**Exercise objective**
Go through the data below and repeat it exactly, skipping each picture.

**The data**
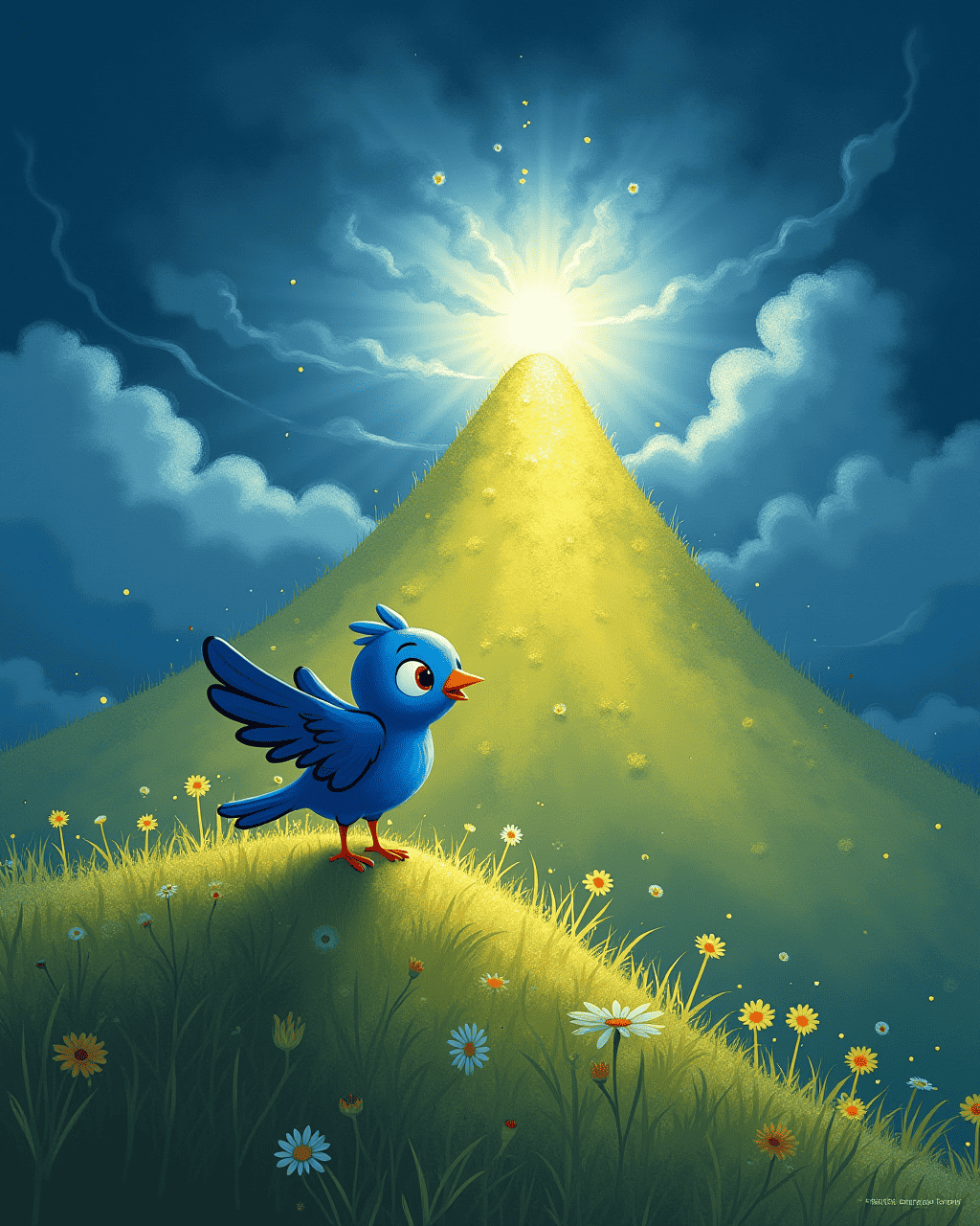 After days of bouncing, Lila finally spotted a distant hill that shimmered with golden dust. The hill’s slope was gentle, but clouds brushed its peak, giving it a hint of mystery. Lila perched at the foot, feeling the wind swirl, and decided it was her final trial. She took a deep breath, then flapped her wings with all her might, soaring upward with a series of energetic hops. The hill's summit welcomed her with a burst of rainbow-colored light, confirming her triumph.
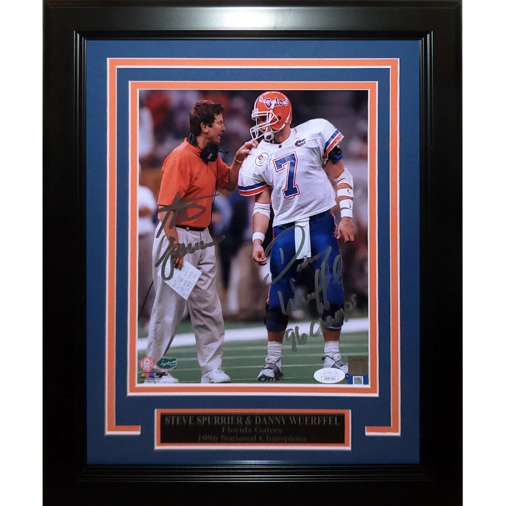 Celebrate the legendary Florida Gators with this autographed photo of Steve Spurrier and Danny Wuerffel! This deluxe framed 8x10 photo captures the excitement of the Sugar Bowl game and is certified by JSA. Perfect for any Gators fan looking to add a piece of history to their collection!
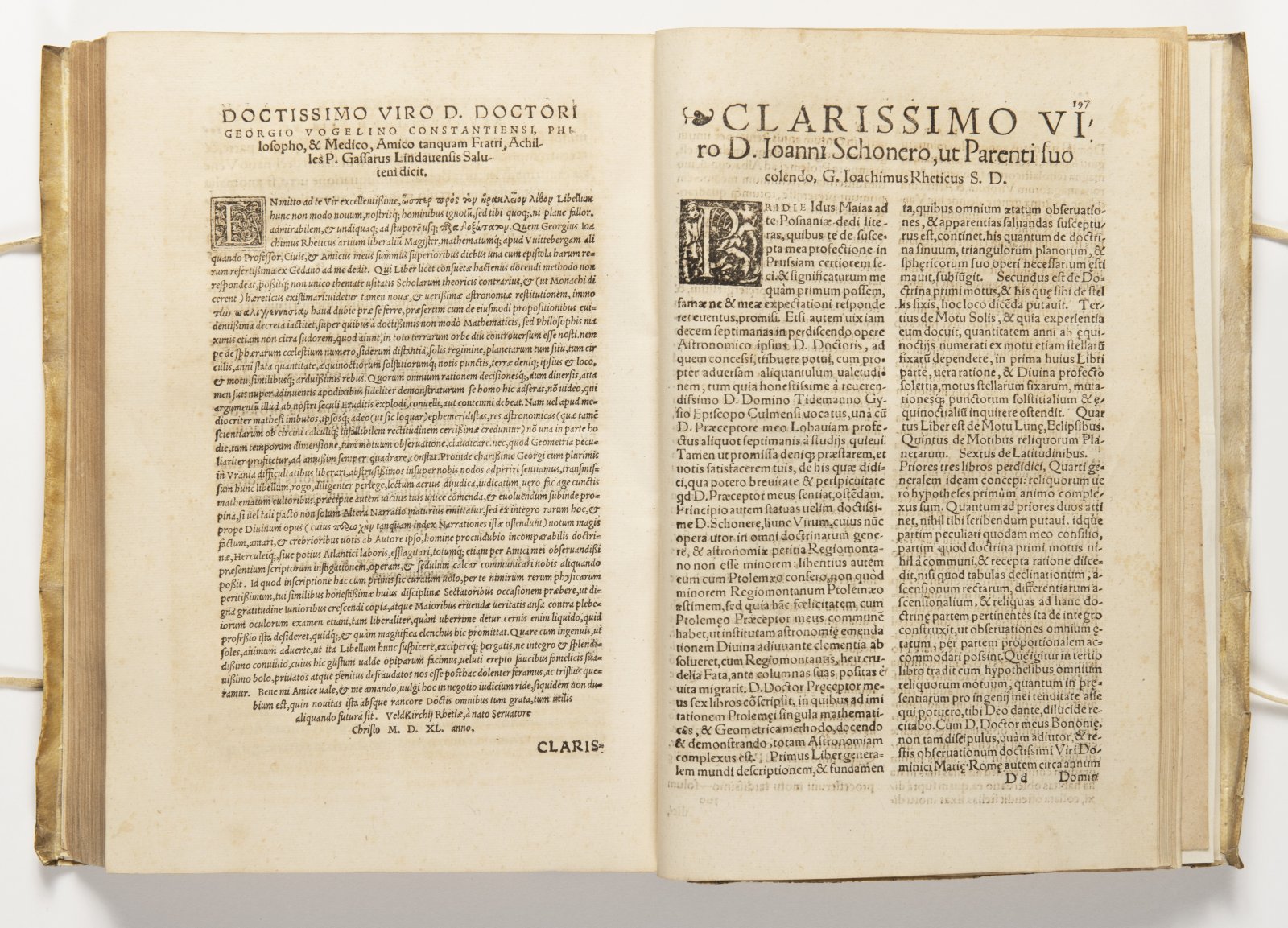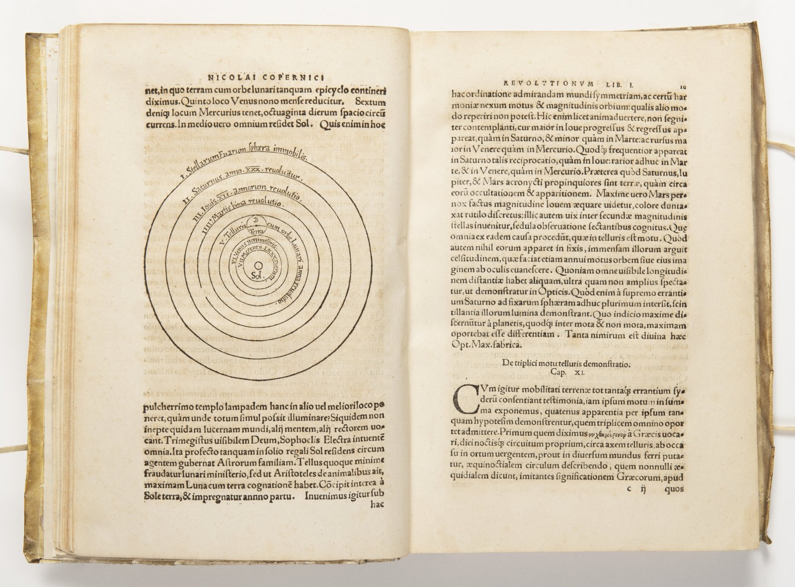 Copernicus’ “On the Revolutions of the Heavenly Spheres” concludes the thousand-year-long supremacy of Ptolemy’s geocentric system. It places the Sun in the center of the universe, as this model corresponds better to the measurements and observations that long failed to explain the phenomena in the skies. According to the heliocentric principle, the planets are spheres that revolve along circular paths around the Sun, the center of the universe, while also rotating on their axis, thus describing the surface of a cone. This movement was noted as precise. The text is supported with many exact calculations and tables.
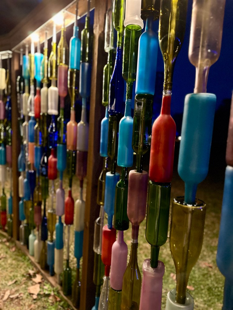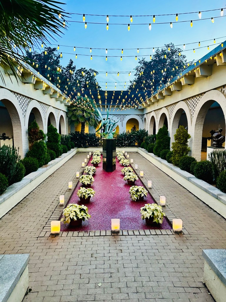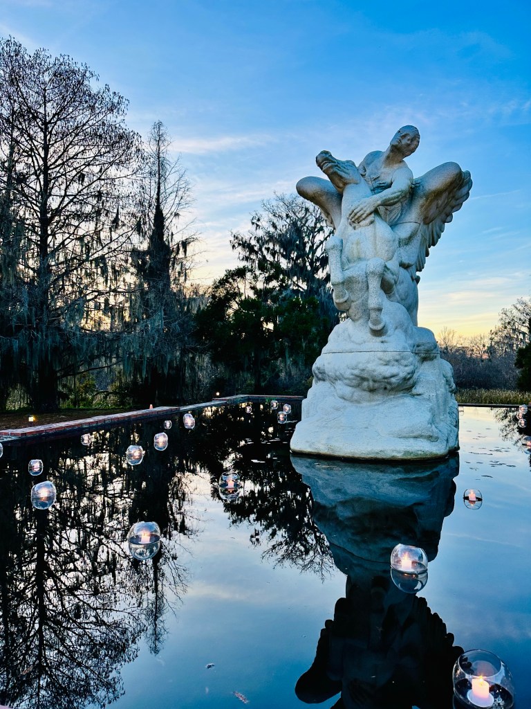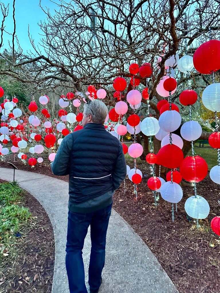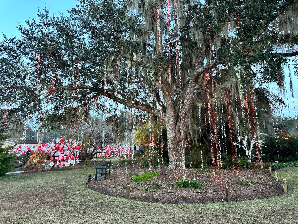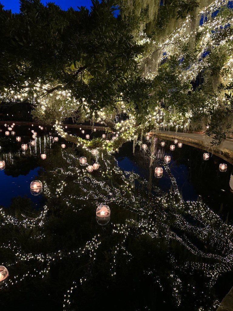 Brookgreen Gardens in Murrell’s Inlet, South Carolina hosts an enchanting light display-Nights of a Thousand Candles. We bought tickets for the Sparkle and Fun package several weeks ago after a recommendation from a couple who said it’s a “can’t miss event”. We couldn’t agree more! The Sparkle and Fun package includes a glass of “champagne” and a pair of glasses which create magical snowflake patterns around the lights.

**Task response**
 After days of bouncing, Lila finally spotted a distant hill that shimmered with golden dust. The hill’s slope was gentle, but clouds brushed its peak, giving it a hint of mystery. Lila perched at the foot, feeling the wind swirl, and decided it was her final trial. She took a deep breath, then flapped her wings with all her might, soaring upward with a series of energetic hops. The hill's summit welcomed her with a burst of rainbow-colored light, confirming her triumph.
 Celebrate the legendary Florida Gators with this autographed photo of Steve Spurrier and Danny Wuerffel! This deluxe framed 8x10 photo captures the excitement of the Sugar Bowl game and is certified by JSA. Perfect for any Gators fan looking to add a piece of history to their collection!
 Copernicus’ “On the Revolutions of the Heavenly Spheres” concludes the thousand-year-long supremacy of Ptolemy’s geocentric system. It places the Sun in the center of the universe, as this model corresponds better to the measurements and observations that long failed to explain the phenomena in the skies. According to the heliocentric principle, the planets are spheres that revolve along circular paths around the Sun, the center of the universe, while also rotating on their axis, thus describing the surface of a cone. This movement was noted as precise. The text is supported with many exact calculations and tables.
 Brookgreen Gardens in Murrell’s Inlet, South Carolina hosts an enchanting light display-Nights of a Thousand Candles. We bought tickets for the Sparkle and Fun package several weeks ago after a recommendation from a couple who said it’s a “can’t miss event”. We couldn’t agree more! The Sparkle and Fun package includes a glass of “champagne” and a pair of glasses which create magical snowflake patterns around the lights.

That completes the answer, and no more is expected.